─── Exercise data ───
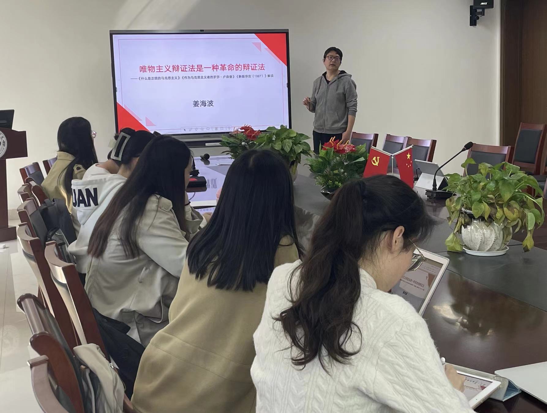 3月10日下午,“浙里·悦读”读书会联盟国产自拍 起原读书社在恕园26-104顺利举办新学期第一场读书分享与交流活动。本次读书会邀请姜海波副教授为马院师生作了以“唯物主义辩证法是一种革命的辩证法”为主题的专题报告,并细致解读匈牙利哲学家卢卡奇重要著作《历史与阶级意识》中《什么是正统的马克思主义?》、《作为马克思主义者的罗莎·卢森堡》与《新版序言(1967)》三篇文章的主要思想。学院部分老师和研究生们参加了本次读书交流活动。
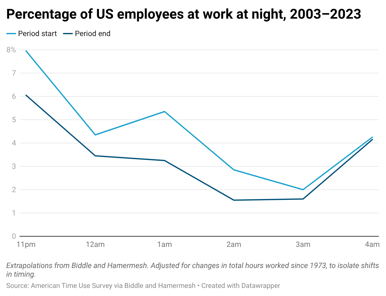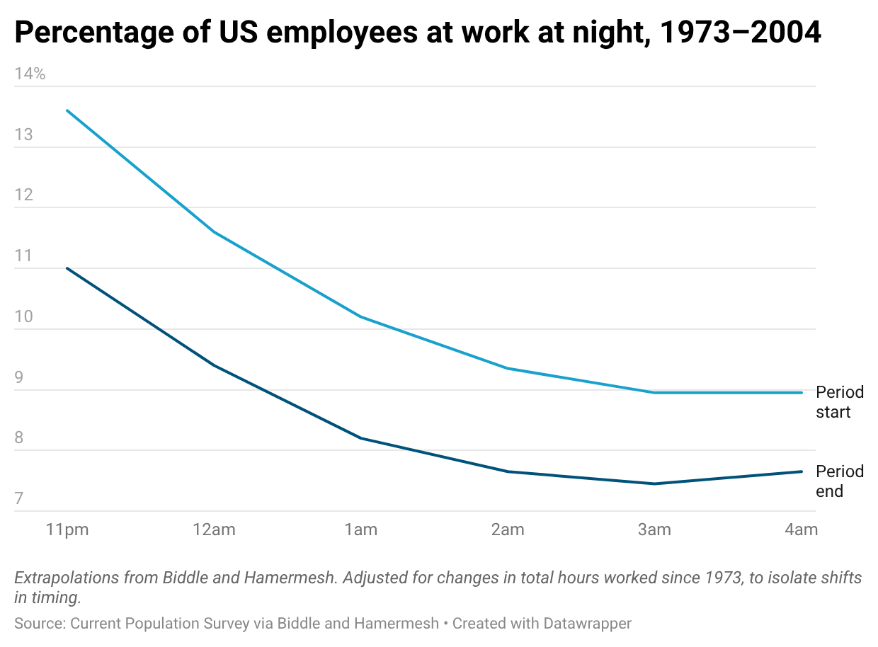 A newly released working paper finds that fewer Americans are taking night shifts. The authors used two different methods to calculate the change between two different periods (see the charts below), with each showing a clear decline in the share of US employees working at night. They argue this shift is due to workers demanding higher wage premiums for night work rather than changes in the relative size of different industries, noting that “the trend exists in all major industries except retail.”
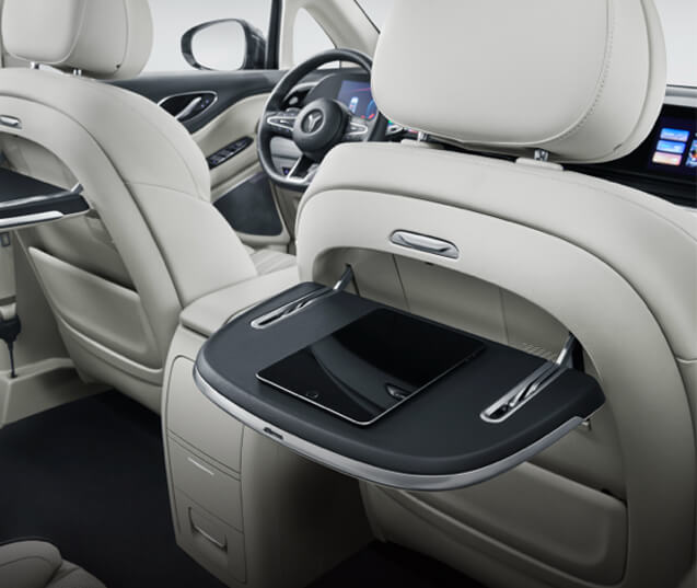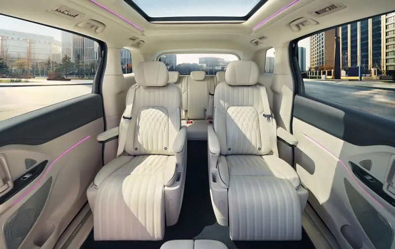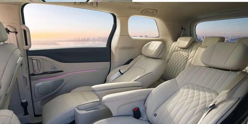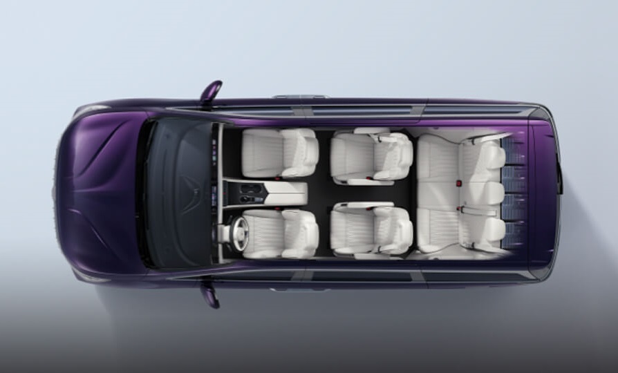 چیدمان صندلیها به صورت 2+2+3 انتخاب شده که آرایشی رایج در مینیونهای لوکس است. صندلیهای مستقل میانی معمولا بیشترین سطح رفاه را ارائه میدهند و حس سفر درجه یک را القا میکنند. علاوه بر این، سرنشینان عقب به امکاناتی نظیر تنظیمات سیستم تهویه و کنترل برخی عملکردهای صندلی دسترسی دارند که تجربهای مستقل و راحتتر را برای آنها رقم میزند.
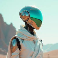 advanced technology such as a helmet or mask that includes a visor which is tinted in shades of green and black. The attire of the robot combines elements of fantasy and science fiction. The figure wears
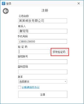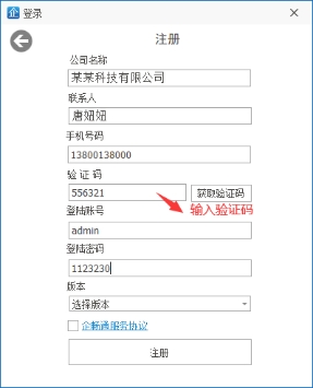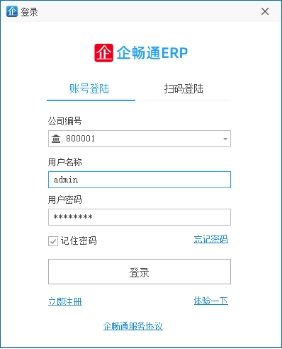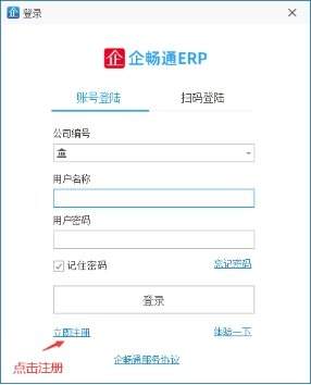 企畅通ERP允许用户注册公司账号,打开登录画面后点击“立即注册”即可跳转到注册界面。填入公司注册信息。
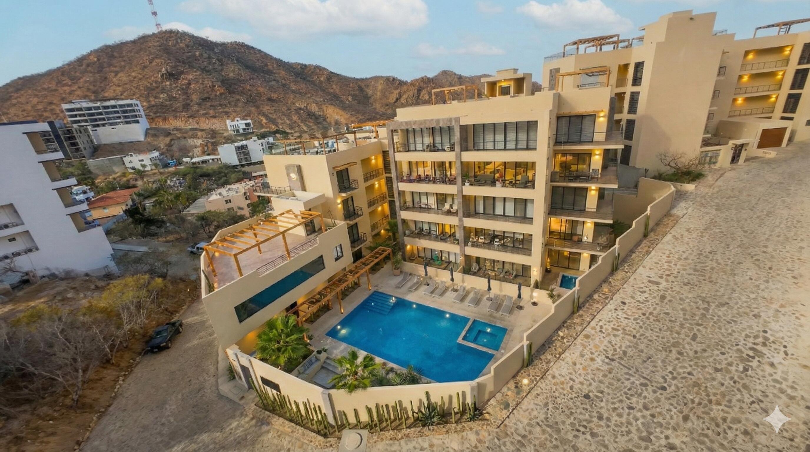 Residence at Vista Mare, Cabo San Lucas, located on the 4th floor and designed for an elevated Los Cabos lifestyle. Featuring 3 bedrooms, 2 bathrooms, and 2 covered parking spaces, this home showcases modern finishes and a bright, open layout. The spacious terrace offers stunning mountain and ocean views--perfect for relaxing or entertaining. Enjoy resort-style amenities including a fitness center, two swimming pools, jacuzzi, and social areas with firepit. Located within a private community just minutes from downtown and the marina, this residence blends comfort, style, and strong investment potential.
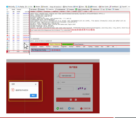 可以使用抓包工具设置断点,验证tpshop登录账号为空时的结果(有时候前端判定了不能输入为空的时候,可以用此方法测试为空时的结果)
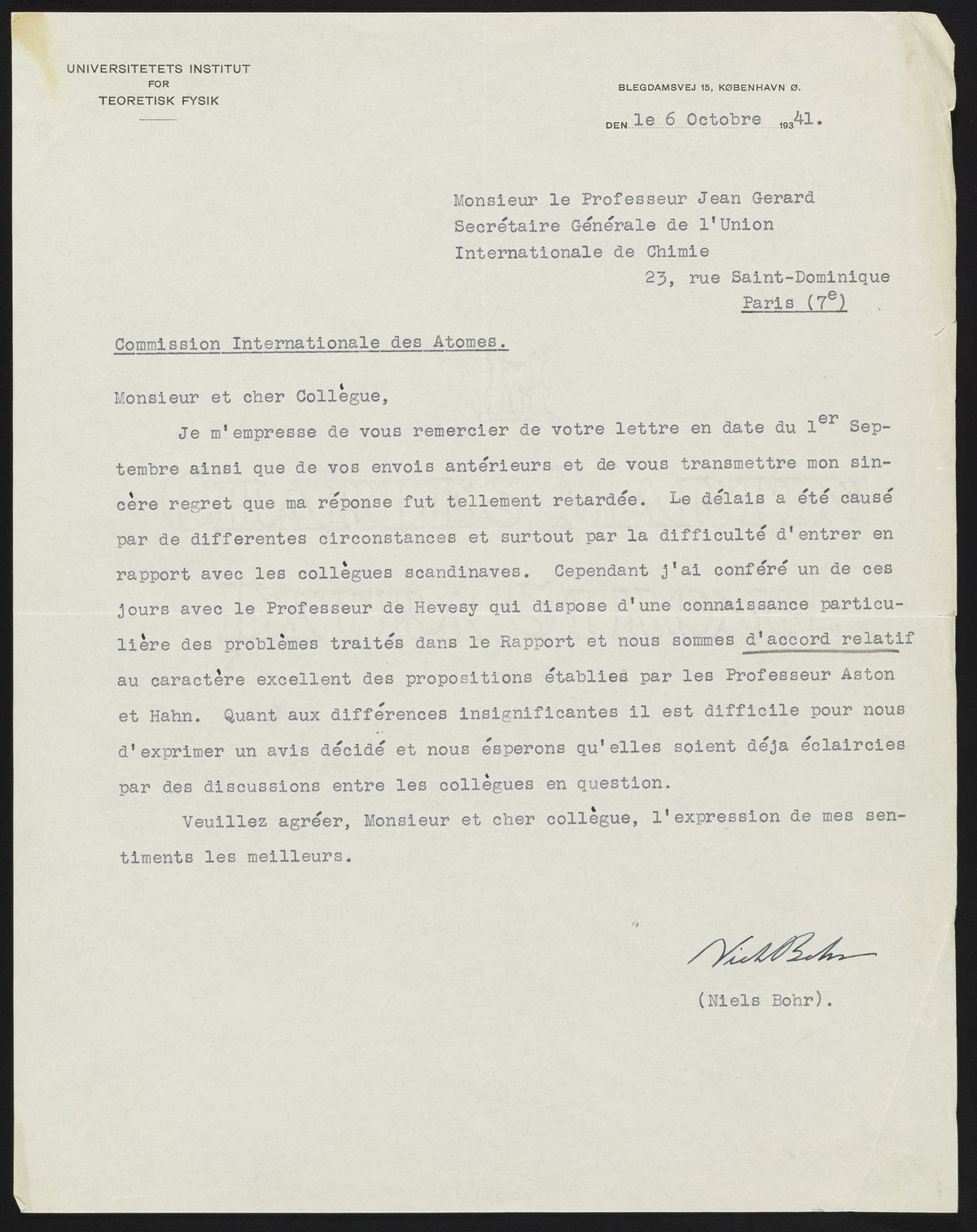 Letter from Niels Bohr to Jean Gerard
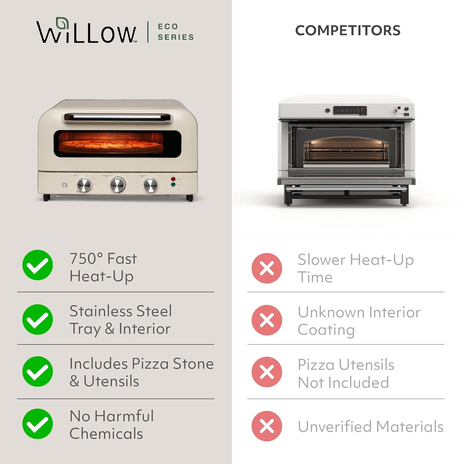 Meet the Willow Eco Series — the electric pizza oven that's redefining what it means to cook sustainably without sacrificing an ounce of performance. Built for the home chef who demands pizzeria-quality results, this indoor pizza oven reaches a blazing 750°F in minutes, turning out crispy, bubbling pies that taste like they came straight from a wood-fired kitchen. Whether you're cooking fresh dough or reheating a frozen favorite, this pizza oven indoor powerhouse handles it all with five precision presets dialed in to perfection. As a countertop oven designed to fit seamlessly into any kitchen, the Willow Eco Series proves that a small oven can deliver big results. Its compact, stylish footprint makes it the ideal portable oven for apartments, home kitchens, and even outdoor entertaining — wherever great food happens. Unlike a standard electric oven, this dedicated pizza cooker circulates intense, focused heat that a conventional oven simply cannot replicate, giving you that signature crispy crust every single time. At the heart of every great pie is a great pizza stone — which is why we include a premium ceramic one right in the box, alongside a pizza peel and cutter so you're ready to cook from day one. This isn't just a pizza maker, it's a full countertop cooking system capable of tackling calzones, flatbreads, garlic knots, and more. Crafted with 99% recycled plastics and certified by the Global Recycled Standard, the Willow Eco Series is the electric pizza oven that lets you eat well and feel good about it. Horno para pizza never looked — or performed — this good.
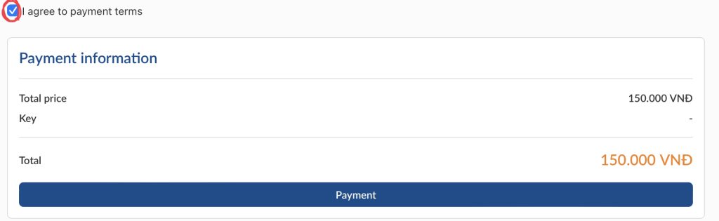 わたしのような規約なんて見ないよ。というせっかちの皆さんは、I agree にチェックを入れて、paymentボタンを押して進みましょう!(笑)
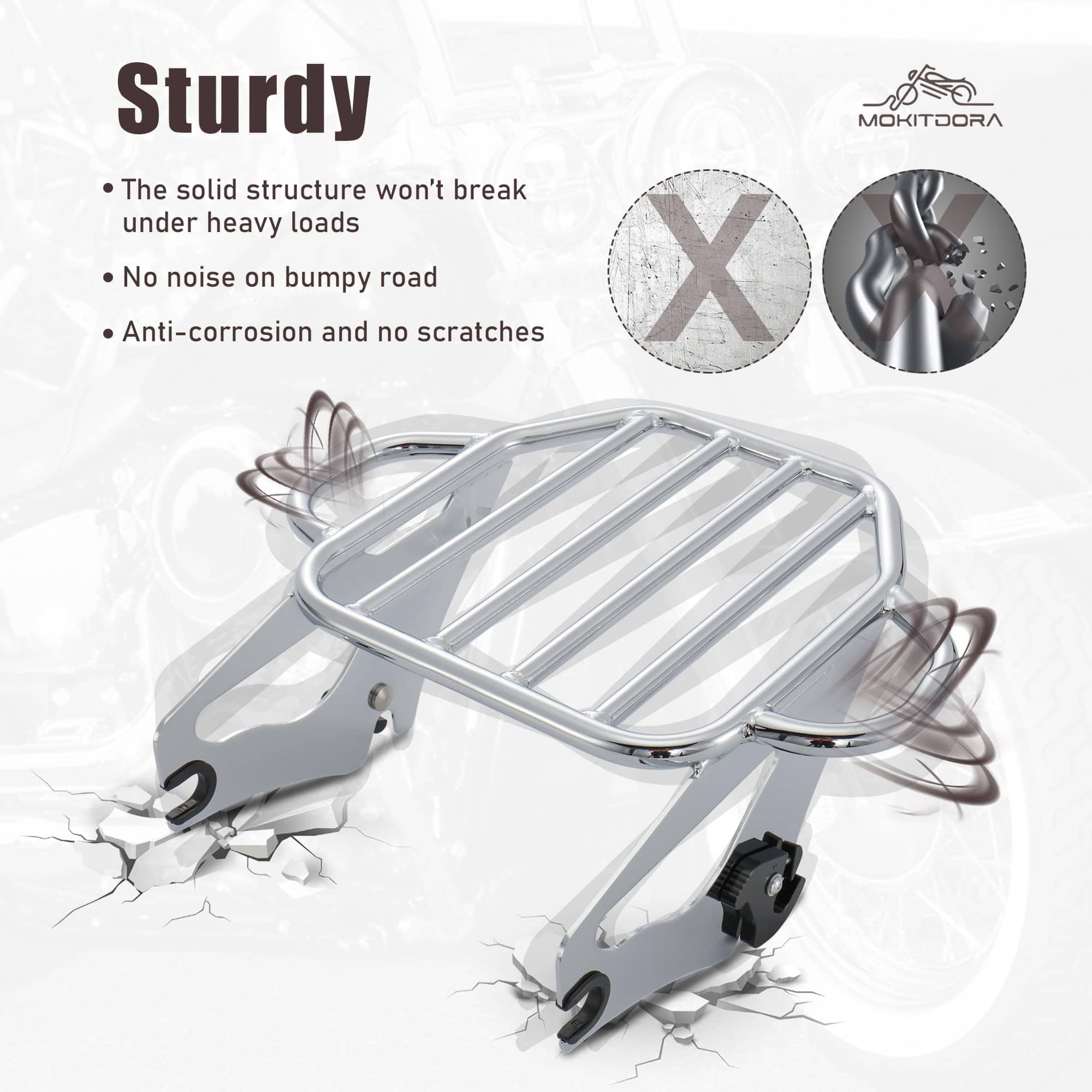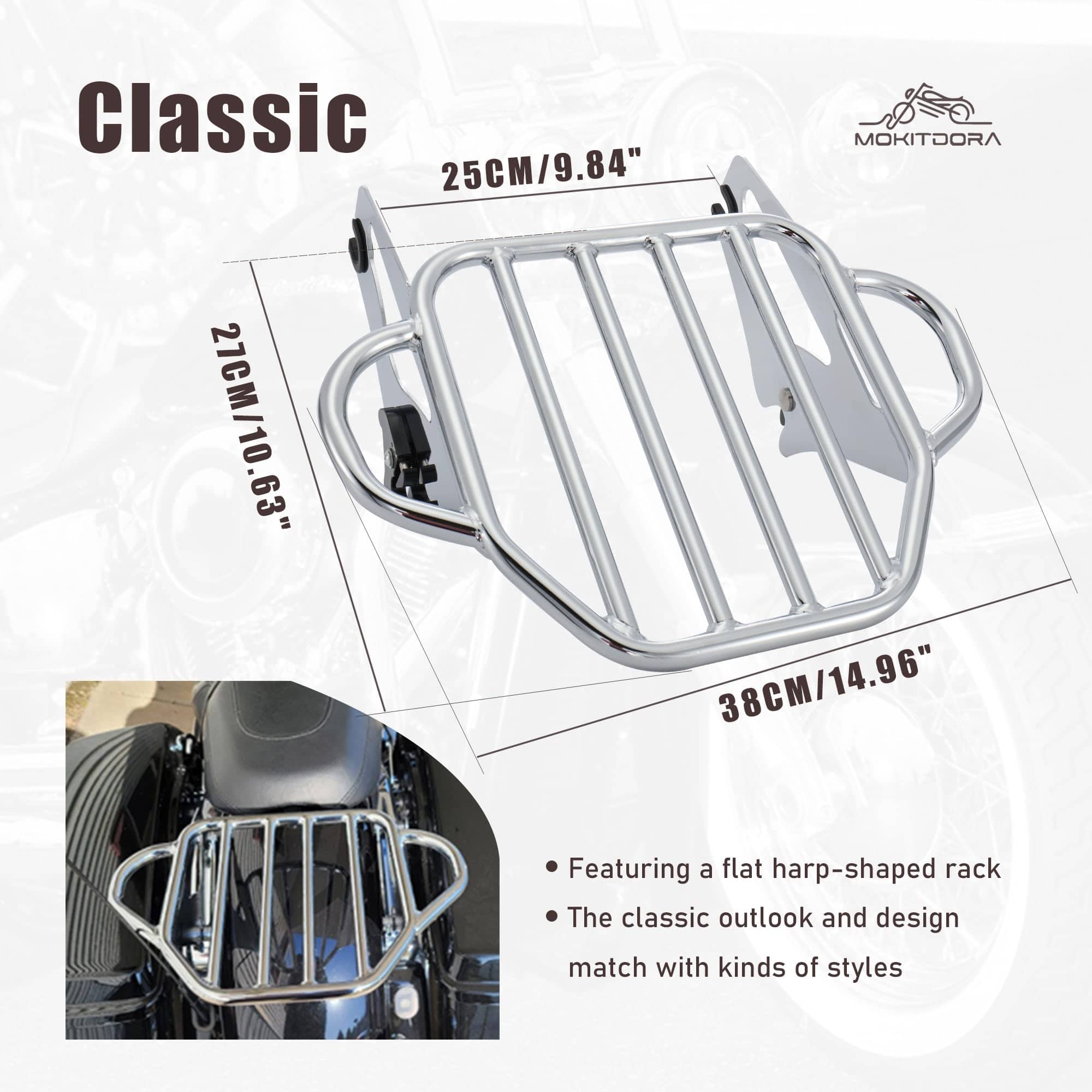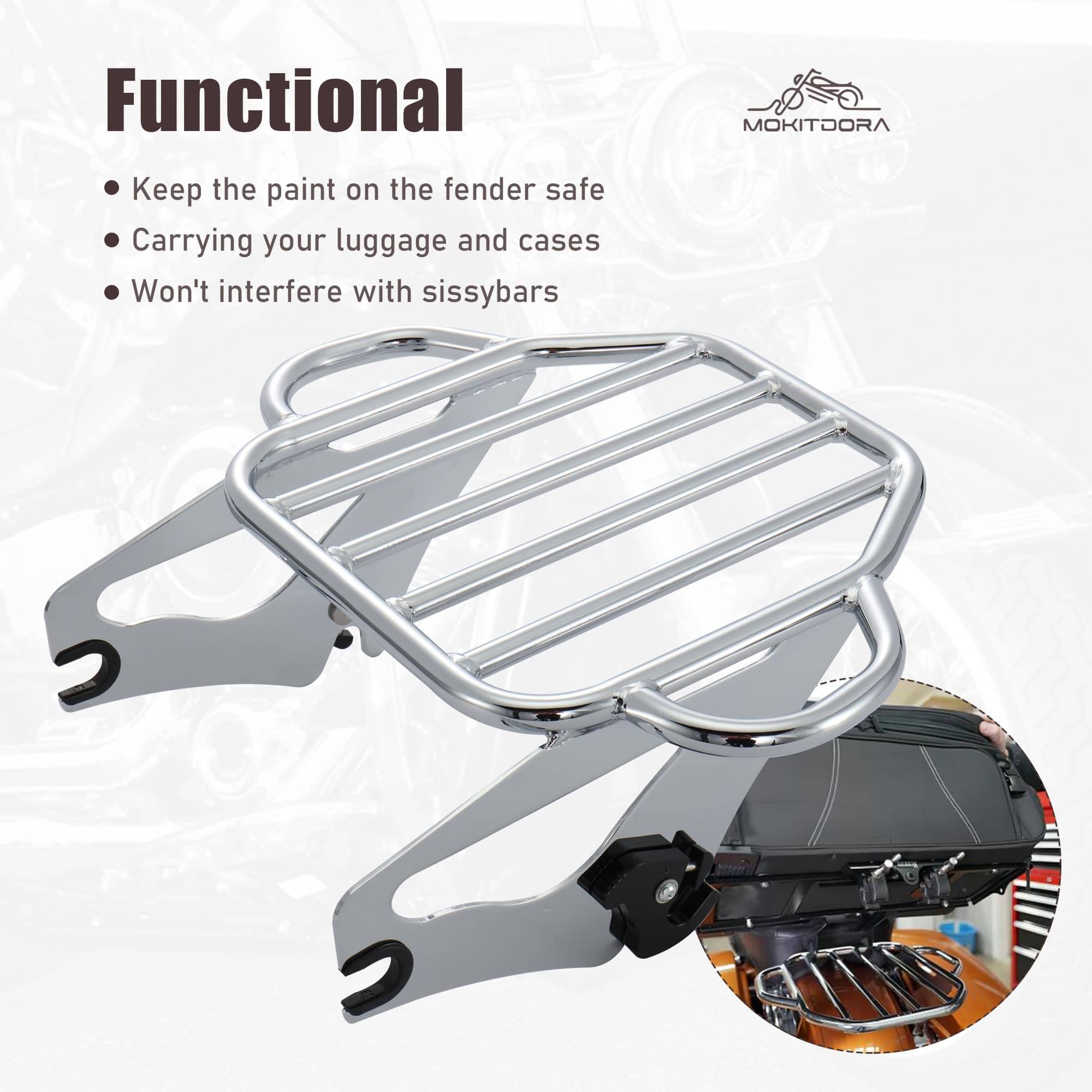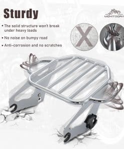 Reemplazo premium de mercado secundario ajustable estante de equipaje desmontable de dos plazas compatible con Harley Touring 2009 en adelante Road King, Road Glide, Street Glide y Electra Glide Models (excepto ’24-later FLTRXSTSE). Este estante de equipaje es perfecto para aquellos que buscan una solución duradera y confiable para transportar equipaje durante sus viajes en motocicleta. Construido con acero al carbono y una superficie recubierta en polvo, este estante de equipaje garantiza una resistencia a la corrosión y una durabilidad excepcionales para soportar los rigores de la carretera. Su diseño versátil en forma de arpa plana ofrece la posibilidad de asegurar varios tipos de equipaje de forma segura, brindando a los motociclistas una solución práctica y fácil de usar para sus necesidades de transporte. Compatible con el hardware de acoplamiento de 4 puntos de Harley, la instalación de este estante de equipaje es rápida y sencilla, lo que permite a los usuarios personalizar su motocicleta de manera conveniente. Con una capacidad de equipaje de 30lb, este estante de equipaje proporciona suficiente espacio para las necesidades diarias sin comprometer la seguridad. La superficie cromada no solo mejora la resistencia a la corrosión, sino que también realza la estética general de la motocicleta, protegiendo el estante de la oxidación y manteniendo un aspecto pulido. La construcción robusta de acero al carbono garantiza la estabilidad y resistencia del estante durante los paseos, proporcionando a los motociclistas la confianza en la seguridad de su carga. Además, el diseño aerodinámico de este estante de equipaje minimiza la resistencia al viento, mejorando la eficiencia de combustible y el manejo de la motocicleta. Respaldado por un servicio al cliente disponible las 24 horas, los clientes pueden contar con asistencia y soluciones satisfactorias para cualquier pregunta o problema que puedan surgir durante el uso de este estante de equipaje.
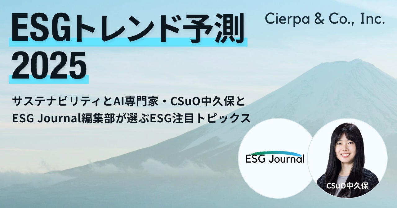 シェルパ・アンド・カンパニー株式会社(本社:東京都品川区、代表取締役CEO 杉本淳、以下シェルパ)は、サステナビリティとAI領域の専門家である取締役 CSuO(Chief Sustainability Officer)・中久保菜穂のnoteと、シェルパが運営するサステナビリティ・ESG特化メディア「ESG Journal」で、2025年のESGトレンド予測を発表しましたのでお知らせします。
───
### Work required:
Copy out the lines above from the line containing "A newly released" through the line containing "企畅通ERP允许用户注册公司", exactly, and keep the pictures out.

### Task output:
 A newly released working paper finds that fewer Americans are taking night shifts. The authors used two different methods to calculate the change between two different periods (see the charts below), with each showing a clear decline in the share of US employees working at night. They argue this shift is due to workers demanding higher wage premiums for night work rather than changes in the relative size of different industries, noting that “the trend exists in all major industries except retail.”
 چیدمان صندلیها به صورت 2+2+3 انتخاب شده که آرایشی رایج در مینیونهای لوکس است. صندلیهای مستقل میانی معمولا بیشترین سطح رفاه را ارائه میدهند و حس سفر درجه یک را القا میکنند. علاوه بر این، سرنشینان عقب به امکاناتی نظیر تنظیمات سیستم تهویه و کنترل برخی عملکردهای صندلی دسترسی دارند که تجربهای مستقل و راحتتر را برای آنها رقم میزند.
 advanced technology such as a helmet or mask that includes a visor which is tinted in shades of green and black. The attire of the robot combines elements of fantasy and science fiction. The figure wears
 企畅通ERP允许用户注册公司账号,打开登录画面后点击“立即注册”即可跳转到注册界面。填入公司注册信息。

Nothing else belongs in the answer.